Sadie thought that was a stupid question. He hadn’t even asked their names or introduced himself. What did he expect, that they would arrive for a six weeks’ job with anything less? They could hardly have expected to be getting a lift in a car with a boot the size of a handbag. They all just stared at him. The Ozzie girl folded her arms and grinned.
“I’ll sit on yer lap if you like,” she said, raising her eyebrows. He ignored her and picked up Sadie’s bag, which was the biggest, then opened the boot and stared at the tiny space, as if staring at it might make it magically expand. He shoved the bag in roughly.
“Careful,” said Sadie. “That’s all my worldly goods in there!”
“You’re South African!” said the guy from the train. “I love your accent. I knew a South African once and he knew the rudest jokes I have ever heard.” He came over to her and put out his hand. “I’m Raj,” he said, with a big smile.
“Raj?” She had seen plenty of Indian people in London, but she had never met any personally, only the Pakstani greengrocer near where she had stayed with Linda.
“Yeah, Raj,” he said. “I look Indian and I have an Indian name but really – I’m just from Birmingham.”
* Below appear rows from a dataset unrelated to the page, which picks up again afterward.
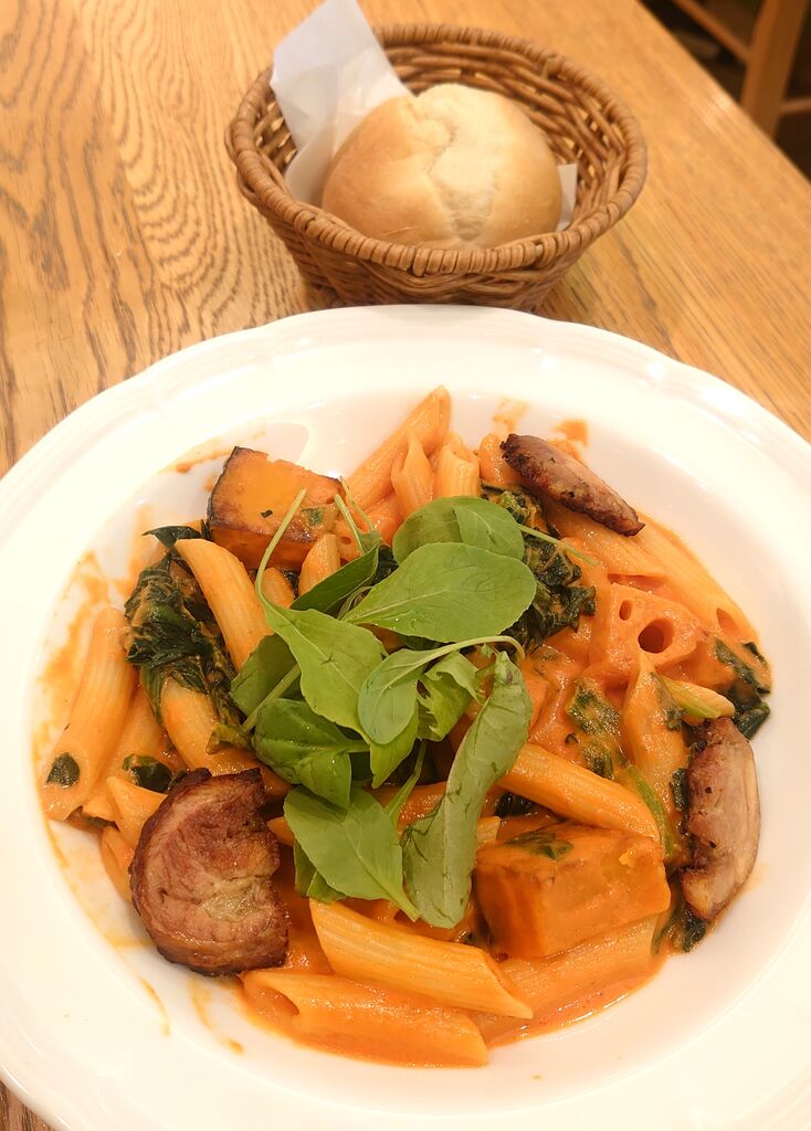 アフタヌーンティーさんにランチに伺いました!季節限定スパイシーチキンとほうれん草のトマトクリームペンネのパン付き、そして飲み物はディカフェのアールグレイ!スイーツも季節限定の栗とむらさき芋のショートケーキを別にオーダー!オーガニックトマトの優しいトマトクリームに、スパイシーチキンとほうれん草、かぼちゃ、レンコンが入って、とても美味しいペンネです!パンもいつもふわふわ美味しいです!栗とむらさき芋のショートケーキは、チョコスポンジに、むらさき芋とマロンクリームが両方使われていて、贅沢なとても美味しいケーキ!紅茶と食後をゆっくり楽しみました!テーブルには秋いろの可愛らしいお花、そして入り口のレジ近くには秋の焼き菓子、ギフト商品、カレー、パスタソース、紅茶等々素敵な商品が販売されていました!秋を満喫したランチ、とても美味しかったです!季節を感じられる素敵な時間を、いつもありがとうございます!ごちそうさまでした! (訪問:2025/09/19)
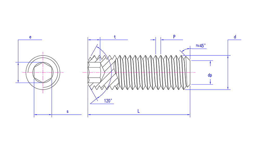 DIN 913 rustfritt stål sekskantskruer med flat spiss
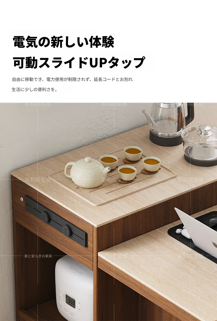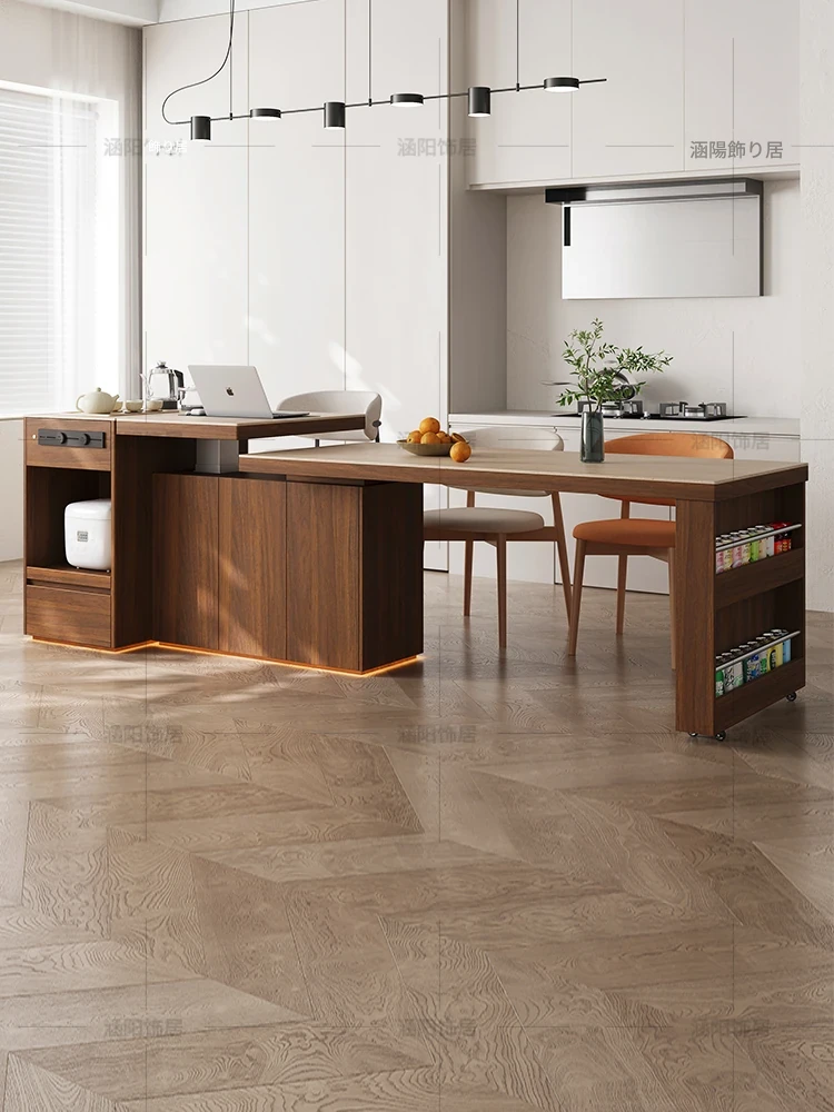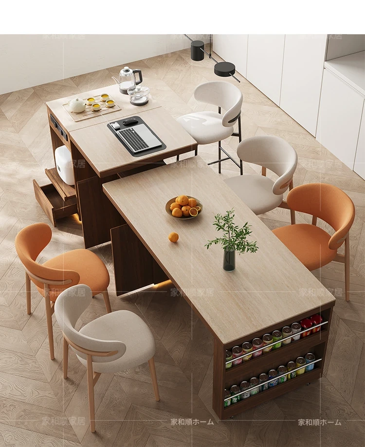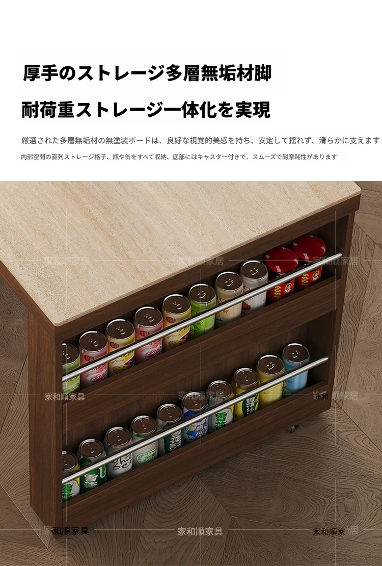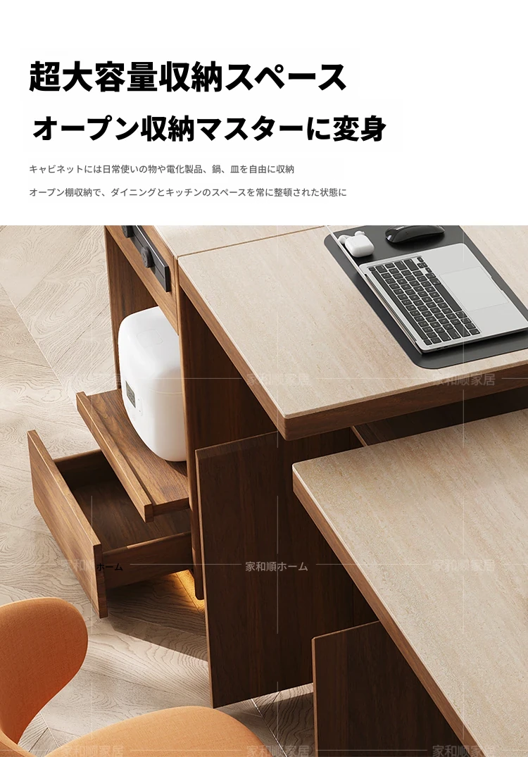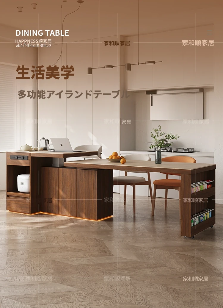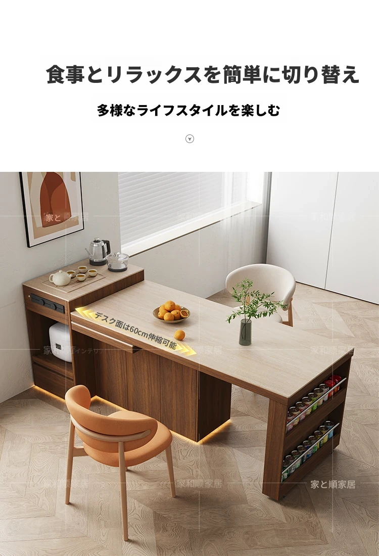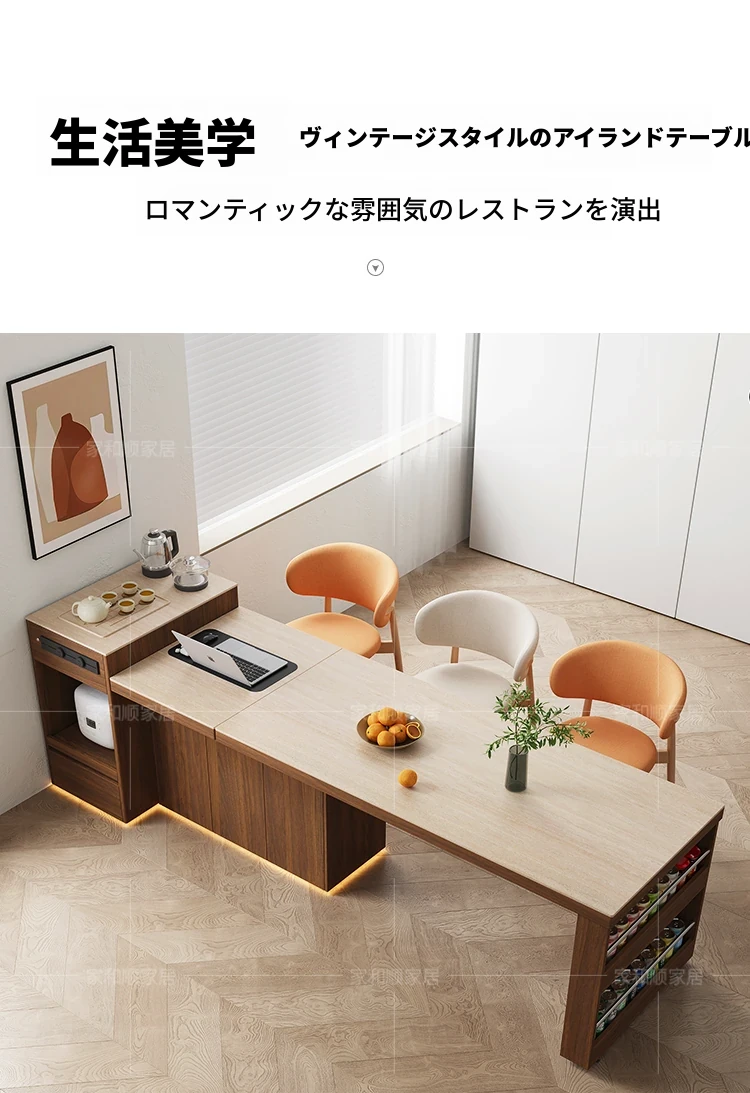 単独アイランドキャビネット+1.8メートル昇降アイランドテーブル(縮小1.8-展開2.4m)

“Okay,” said Sadie, grinning, glad that someone was friendly, at least. “I’m Sadie. I look English and I have an English name but really I’m from Africa.”
&
nbsp; Raj laughed.
“I’m Sam,” said the Ozzie girl. “From Sydney, although I’ve been on this crazy island for two years already. And you are …” she said to their host, who was still shoving the corners of Sadie’s bag into the boot.
“I’m …” He gave the bag one last shove and slammed the door. “I’m Joe Donovan. I’m the Camp Director.”
“Wow,” said Raj, as Joe leant into the car to flip the seats forward. “You look young to be the Camp Director.”
“Yeah well, I am,” said Joe, standing up. He looked flustered and irritated. “The Director, I mean. Someone get in.”
“I will,” said Sadie, seeing that she was the smallest of the three. She bent over and climbed into the tiny back seat, holding her backpack on her lap. The car smelt expensive, like leather and polish. Sam climbed in beside her, and Joe shoved Sam’s big bag onto their laps. Then he flipped the seat down, narrowly missing Sam’s toes, and Raj got into the passenger seat, all his own luggage balanced on his lap.
Joe said nothing at all as he drove along the winding roads towards the school buildings that would be their home for the summer. The road was beautiful, and Sadie wished she could see more of it from the tiny window next to her. It was lined with tall trees, and high stone walls. Again, everything was green as far as she could see, a green nothing like the duller, more sparse green of the landscapes at home. After about ten minutes they pulled up to enormous black gates, and then up to the building itself.
Sternwood School was a red brick building, some of it over a hundred years old but most of it more modern. The complex seemed vast, with many-windowed buildings and fields. Joe parked the car and got out, a brief: “Follow me,” his only instructions to Sadie, Raj, and Sam, who grabbed their bags and hurried after him as he strode ahead of them towards a low building. Outside the building people were milling about, some carrying bags across an impossibly green lawn. So, this was home for the next six weeks, thought Sadie, smiling to herself. So far so good – except for Grumpy Joe. The three of them went up to a table under a veranda where Joe stood, bending down and talking in a low voice to another red-shirted staff member who sat behind the table, a pile of papers and a computer in front of her. Then he pulled out his phone again and disappeared into the building.